Pages

Using inserters

When calling standard functions on containers, we should pay attention on memory issues. When we need the standard function to allocate memory we should explicitely require this using back_inserter, front_insert, or inserter (specifying where).

For example, consider this function:

int square(int value)
{
return value * value;
}

An this vector that represents our input data:

std::vector<int> vi;
vi.reserve(5);

for(int i = 0; i < 10; ++i)
vi.push_back(i);
dump(vi);

We are about to create a modified copy of the input data in a second array, using the standard function transform().
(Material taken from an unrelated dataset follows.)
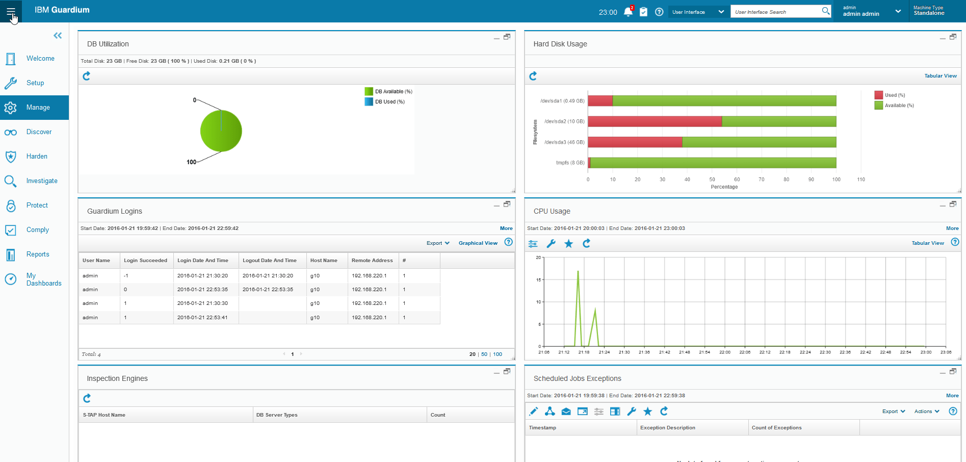 Guardium 10 has a completely redesigned interface and this is a very significant and welcome improvement over previous versions making it easier to navigate the application and find data quickly.

To represent the position where to put the data in the ouput vector we use the back_inserter():

std::vector<int> vr;
vr.reserve(vi.size());
std::transform(vi.begin(), vi.end(), std::back_inserter(vr), square);
dump(vr);

If the output is a list, we could decide to push the data at its beginning, causing an inversion in the sequence:

std::list<int> lr;
std::transform(vi.begin(), vi.end(), std::front_inserter(lr), square);
dump(lr);

Considering again a vector, this time not an empty one, like:

std::vector<int> vr2;
vr2.reserve(vi.size() + 2);
for(int i = 0; i < 2; ++i)
vr2.push_back(999);
dump(vr2);

We could want to put the data in the middle:

std::vector<int>::iterator it = vr2.begin() + vr2.size() / 2;
std::transform(vi.begin(), vi.end(), std::inserter(vr2, it), square);
dump(vr2);

For more details on the inserters, have a look at Item 30 in Effective STL, one of the Effective C++ book series by Scott Meyers.